From the data that follows, set down exactly the lines from the one with "包包女新款潮撞色鏈條單肩女包小包韓版迷你小方包百搭斜挎包" through the one with "Меховая жилетка 10", counting both. Pictures stay out.

SOURCE RECORDS:
——

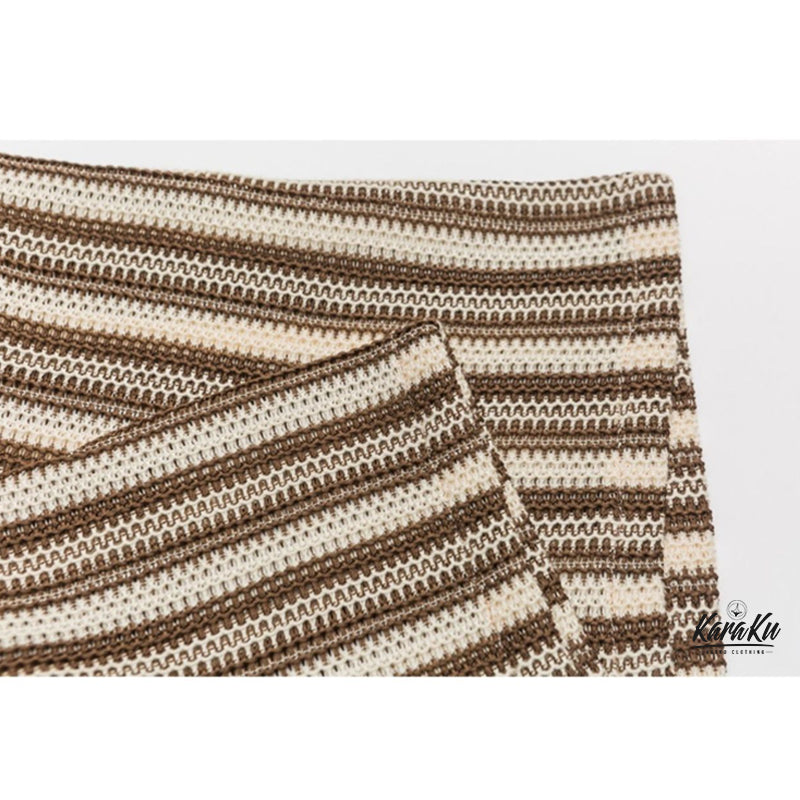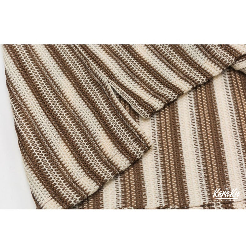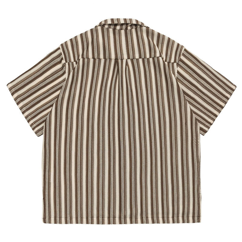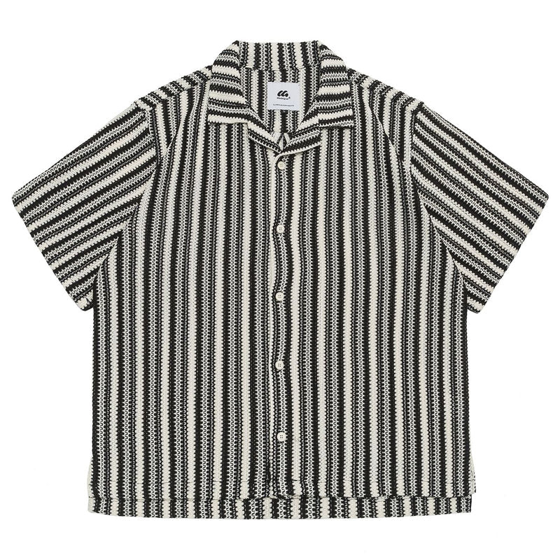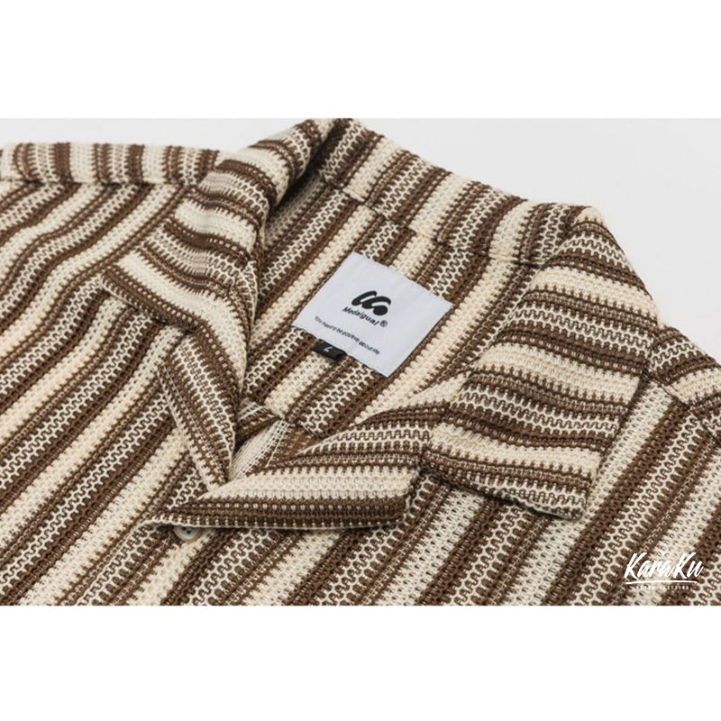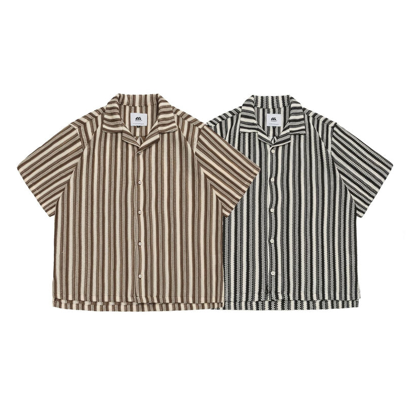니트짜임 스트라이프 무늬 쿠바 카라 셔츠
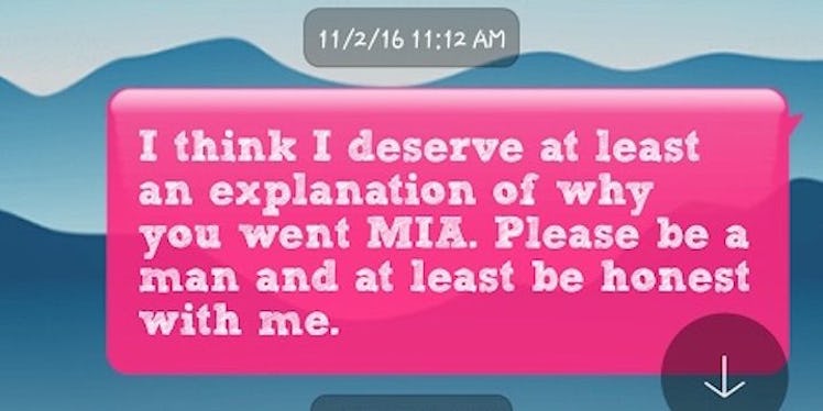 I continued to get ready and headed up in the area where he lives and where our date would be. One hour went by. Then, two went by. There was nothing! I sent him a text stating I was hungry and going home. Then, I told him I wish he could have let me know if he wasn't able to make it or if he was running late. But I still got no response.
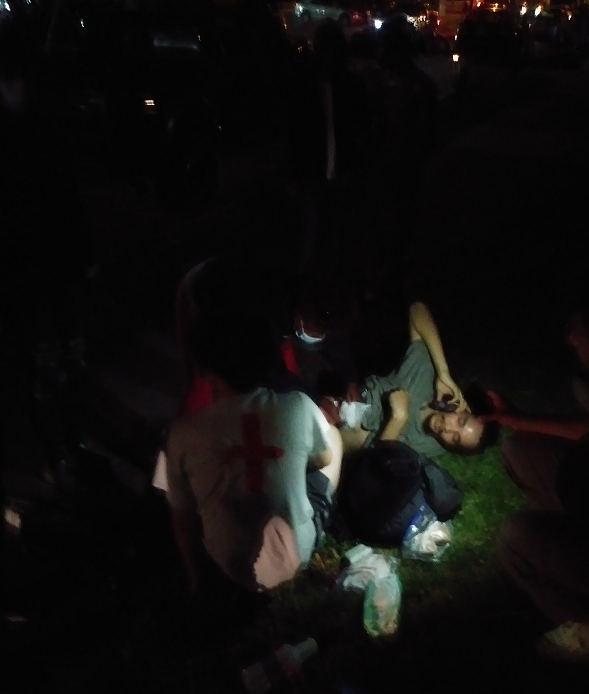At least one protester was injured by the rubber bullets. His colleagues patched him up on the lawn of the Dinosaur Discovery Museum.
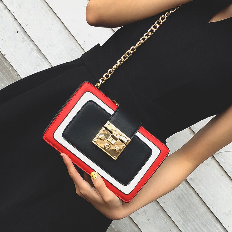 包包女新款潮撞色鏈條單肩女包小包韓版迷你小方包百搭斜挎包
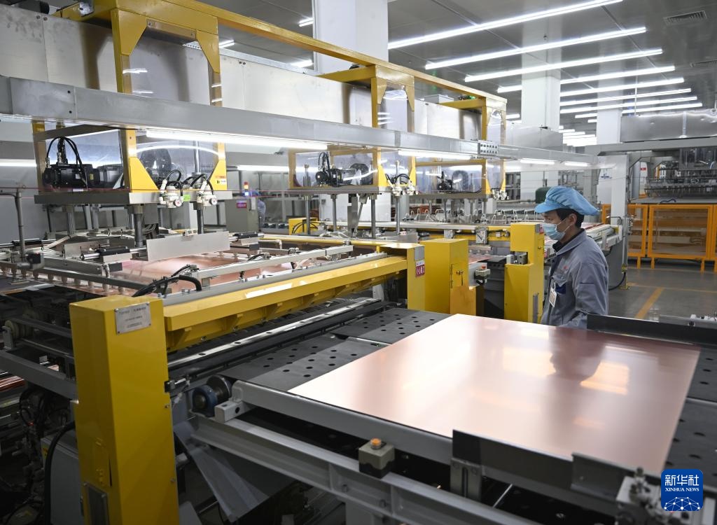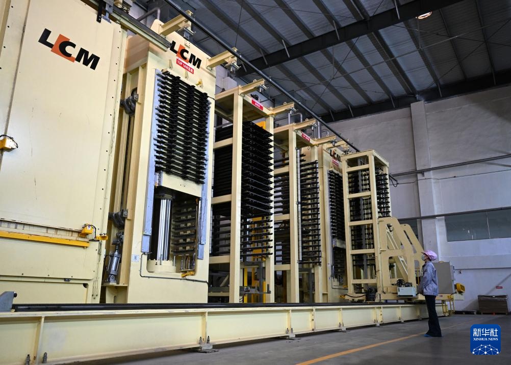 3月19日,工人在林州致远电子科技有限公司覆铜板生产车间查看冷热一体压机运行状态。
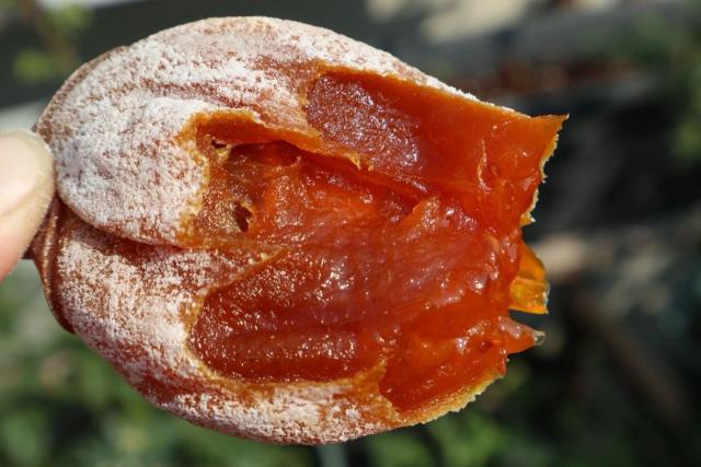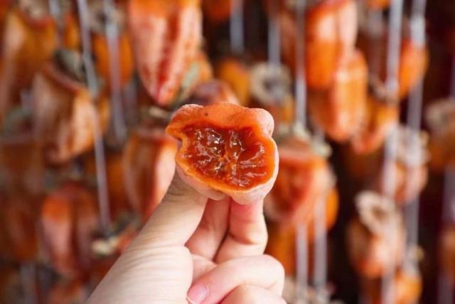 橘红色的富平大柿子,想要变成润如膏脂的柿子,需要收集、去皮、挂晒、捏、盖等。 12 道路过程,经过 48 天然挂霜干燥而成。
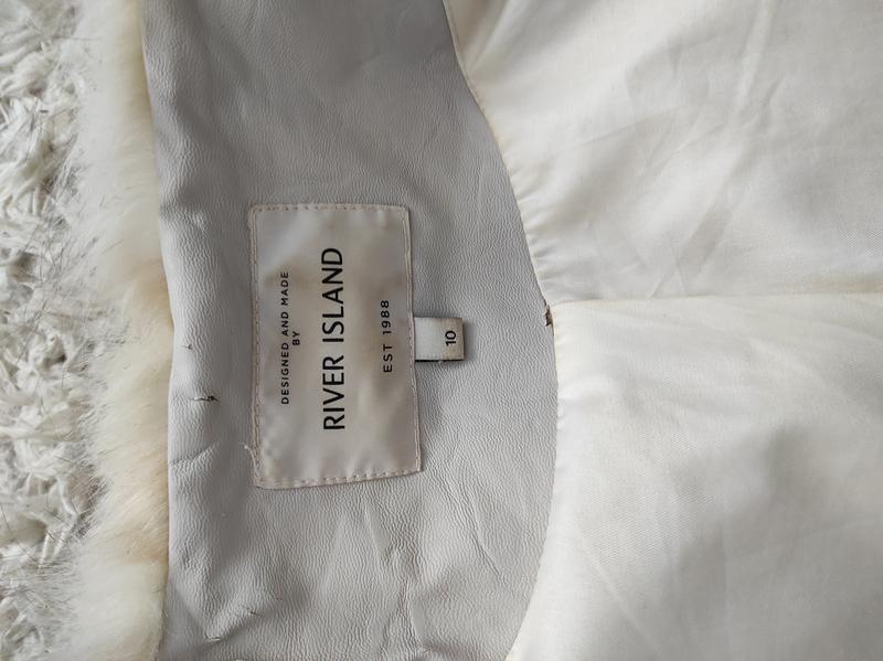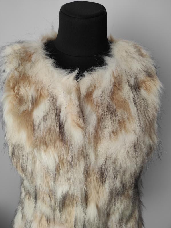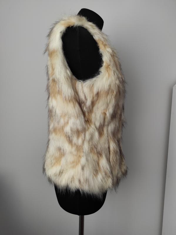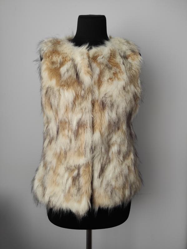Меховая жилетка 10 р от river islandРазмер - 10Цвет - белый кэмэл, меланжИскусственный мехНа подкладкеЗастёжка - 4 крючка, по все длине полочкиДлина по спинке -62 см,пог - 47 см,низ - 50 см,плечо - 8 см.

——

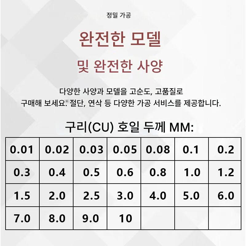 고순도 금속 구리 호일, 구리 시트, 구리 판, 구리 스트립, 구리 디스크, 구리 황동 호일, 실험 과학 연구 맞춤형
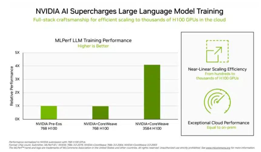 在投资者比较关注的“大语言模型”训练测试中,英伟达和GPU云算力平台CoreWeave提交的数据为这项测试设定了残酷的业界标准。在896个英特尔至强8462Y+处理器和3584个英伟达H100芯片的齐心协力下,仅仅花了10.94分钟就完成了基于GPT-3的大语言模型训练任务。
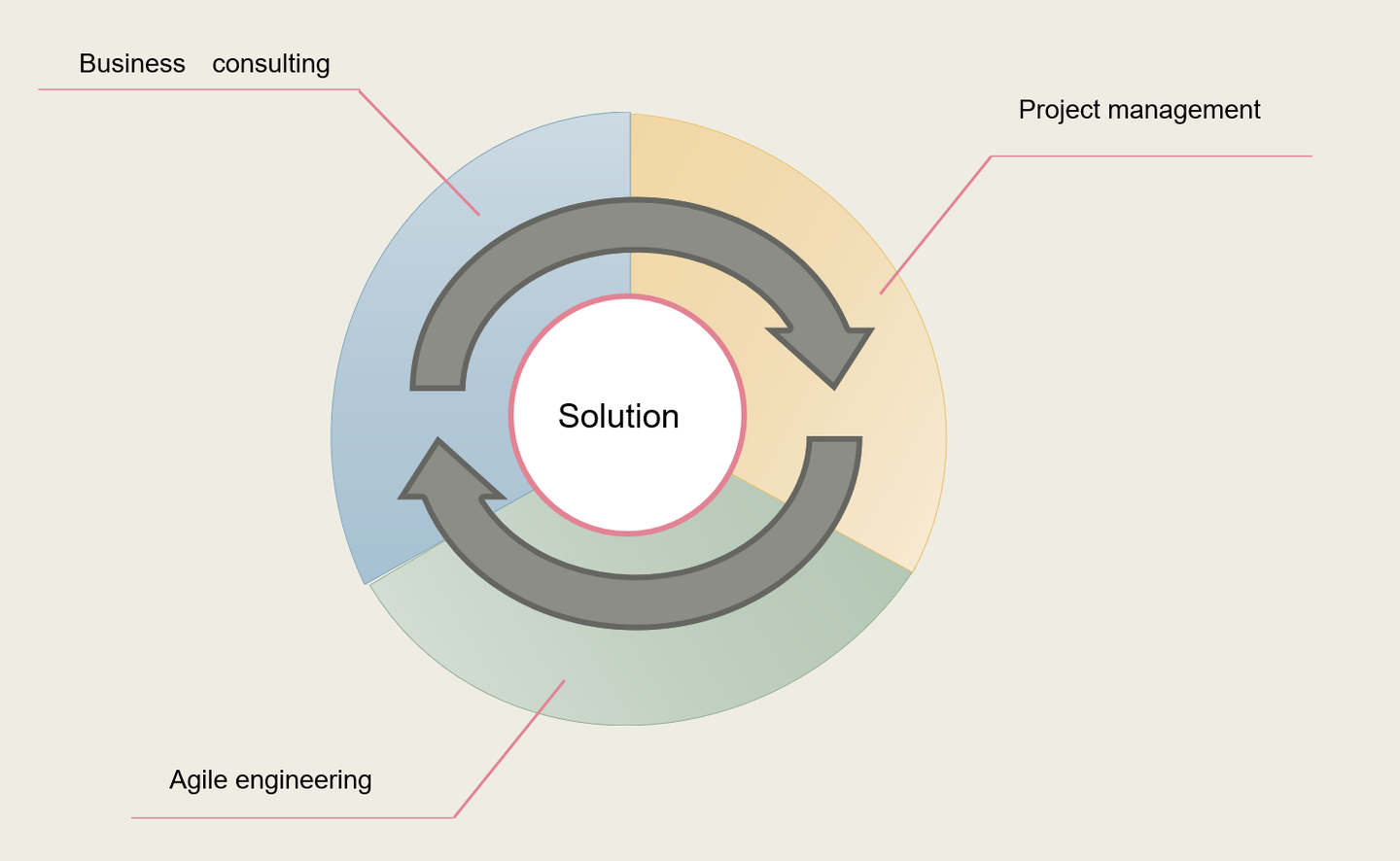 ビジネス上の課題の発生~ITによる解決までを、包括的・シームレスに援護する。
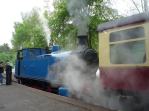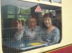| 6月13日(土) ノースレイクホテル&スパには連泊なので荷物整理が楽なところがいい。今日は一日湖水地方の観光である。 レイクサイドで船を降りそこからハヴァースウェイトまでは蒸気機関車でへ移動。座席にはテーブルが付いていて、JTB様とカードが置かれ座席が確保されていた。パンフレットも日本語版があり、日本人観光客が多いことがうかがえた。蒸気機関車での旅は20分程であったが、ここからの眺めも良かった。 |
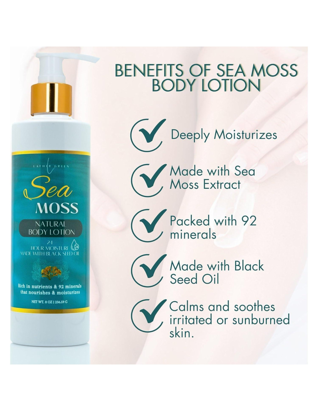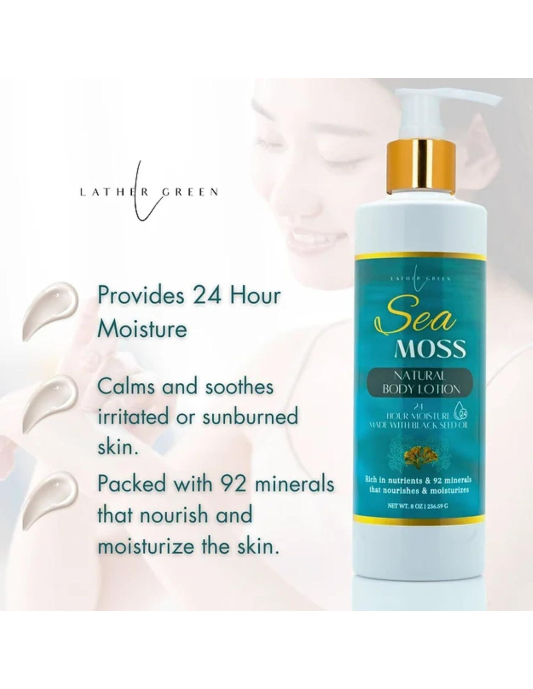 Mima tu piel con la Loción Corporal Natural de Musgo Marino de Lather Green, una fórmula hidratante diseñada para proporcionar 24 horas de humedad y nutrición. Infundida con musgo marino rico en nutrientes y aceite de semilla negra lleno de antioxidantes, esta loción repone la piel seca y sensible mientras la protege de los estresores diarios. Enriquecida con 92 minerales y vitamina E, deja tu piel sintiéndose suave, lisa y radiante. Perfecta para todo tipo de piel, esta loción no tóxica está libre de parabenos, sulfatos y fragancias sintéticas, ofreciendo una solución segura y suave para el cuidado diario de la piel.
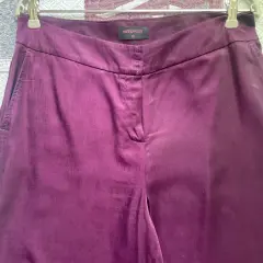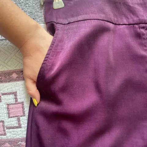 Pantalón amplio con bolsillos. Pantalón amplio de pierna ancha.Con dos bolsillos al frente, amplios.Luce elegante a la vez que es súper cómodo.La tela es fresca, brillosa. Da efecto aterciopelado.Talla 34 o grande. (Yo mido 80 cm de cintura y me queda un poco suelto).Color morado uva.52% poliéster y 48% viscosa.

——

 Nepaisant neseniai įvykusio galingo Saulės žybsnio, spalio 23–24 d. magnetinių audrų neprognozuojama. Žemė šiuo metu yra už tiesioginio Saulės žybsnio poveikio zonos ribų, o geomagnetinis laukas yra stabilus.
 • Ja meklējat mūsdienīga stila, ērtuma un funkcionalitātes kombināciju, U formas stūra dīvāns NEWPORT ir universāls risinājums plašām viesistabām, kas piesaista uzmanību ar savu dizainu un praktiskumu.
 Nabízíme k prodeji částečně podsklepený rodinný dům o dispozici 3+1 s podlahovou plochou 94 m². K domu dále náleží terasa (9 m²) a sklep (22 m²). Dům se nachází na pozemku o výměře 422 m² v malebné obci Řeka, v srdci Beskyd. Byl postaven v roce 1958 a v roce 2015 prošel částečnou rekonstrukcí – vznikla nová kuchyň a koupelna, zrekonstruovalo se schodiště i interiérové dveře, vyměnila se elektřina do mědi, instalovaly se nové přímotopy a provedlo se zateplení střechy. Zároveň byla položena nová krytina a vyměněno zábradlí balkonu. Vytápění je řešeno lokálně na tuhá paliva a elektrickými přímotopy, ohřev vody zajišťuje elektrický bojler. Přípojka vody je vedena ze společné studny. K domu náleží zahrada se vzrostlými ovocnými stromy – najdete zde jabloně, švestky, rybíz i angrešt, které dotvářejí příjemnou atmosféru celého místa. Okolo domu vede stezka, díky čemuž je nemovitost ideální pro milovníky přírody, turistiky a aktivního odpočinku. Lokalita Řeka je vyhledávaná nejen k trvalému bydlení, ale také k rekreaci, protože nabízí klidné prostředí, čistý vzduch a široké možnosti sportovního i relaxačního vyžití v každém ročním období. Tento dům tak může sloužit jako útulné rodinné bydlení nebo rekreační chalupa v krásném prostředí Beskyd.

——

EXERCISE RESPONSE:
 包包女新款潮撞色鏈條單肩女包小包韓版迷你小方包百搭斜挎包
 3月19日,工人在林州致远电子科技有限公司覆铜板生产车间查看冷热一体压机运行状态。
 橘红色的富平大柿子,想要变成润如膏脂的柿子,需要收集、去皮、挂晒、捏、盖等。 12 道路过程,经过 48 天然挂霜干燥而成。
Меховая жилетка 10 р от river islandРазмер - 10Цвет - белый кэмэл, меланжИскусственный мехНа подкладкеЗастёжка - 4 крючка, по все длине полочкиДлина по спинке -62 см,пог - 47 см,низ - 50 см,плечо - 8 см.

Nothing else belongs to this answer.